Task: In the listing below, find the line containing "- Add Topping" and the line containing "03:30:29Der Streamer konzentriert". Repeat exactly those two lines and every line between them, nothing more.

Data supplied:
= = =

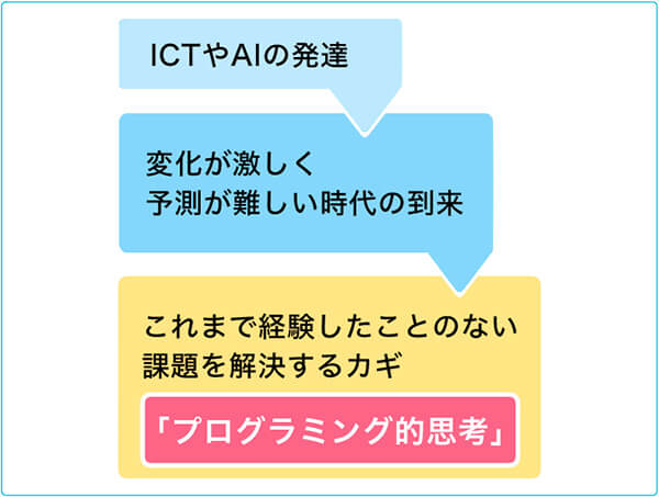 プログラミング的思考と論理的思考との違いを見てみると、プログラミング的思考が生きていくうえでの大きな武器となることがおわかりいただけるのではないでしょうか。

= = =

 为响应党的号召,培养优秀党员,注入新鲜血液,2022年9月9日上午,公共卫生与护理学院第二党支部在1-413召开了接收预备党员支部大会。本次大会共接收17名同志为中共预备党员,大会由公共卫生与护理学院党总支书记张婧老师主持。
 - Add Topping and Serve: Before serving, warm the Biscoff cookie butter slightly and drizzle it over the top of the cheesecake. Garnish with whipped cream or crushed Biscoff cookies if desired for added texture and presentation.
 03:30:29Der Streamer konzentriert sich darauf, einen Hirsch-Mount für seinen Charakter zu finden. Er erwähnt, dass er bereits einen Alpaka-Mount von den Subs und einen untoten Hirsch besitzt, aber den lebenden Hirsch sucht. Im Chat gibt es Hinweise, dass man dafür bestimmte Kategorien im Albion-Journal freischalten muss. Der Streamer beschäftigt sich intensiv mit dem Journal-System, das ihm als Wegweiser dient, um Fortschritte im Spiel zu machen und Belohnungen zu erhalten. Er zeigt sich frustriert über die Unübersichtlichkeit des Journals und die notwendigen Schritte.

= = =

Response area:
 - Add Topping and Serve: Before serving, warm the Biscoff cookie butter slightly and drizzle it over the top of the cheesecake. Garnish with whipped cream or crushed Biscoff cookies if desired for added texture and presentation.
 03:30:29Der Streamer konzentriert sich darauf, einen Hirsch-Mount für seinen Charakter zu finden. Er erwähnt, dass er bereits einen Alpaka-Mount von den Subs und einen untoten Hirsch besitzt, aber den lebenden Hirsch sucht. Im Chat gibt es Hinweise, dass man dafür bestimmte Kategorien im Albion-Journal freischalten muss. Der Streamer beschäftigt sich intensiv mit dem Journal-System, das ihm als Wegweiser dient, um Fortschritte im Spiel zu machen und Belohnungen zu erhalten. Er zeigt sich frustriert über die Unübersichtlichkeit des Journals und die notwendigen Schritte.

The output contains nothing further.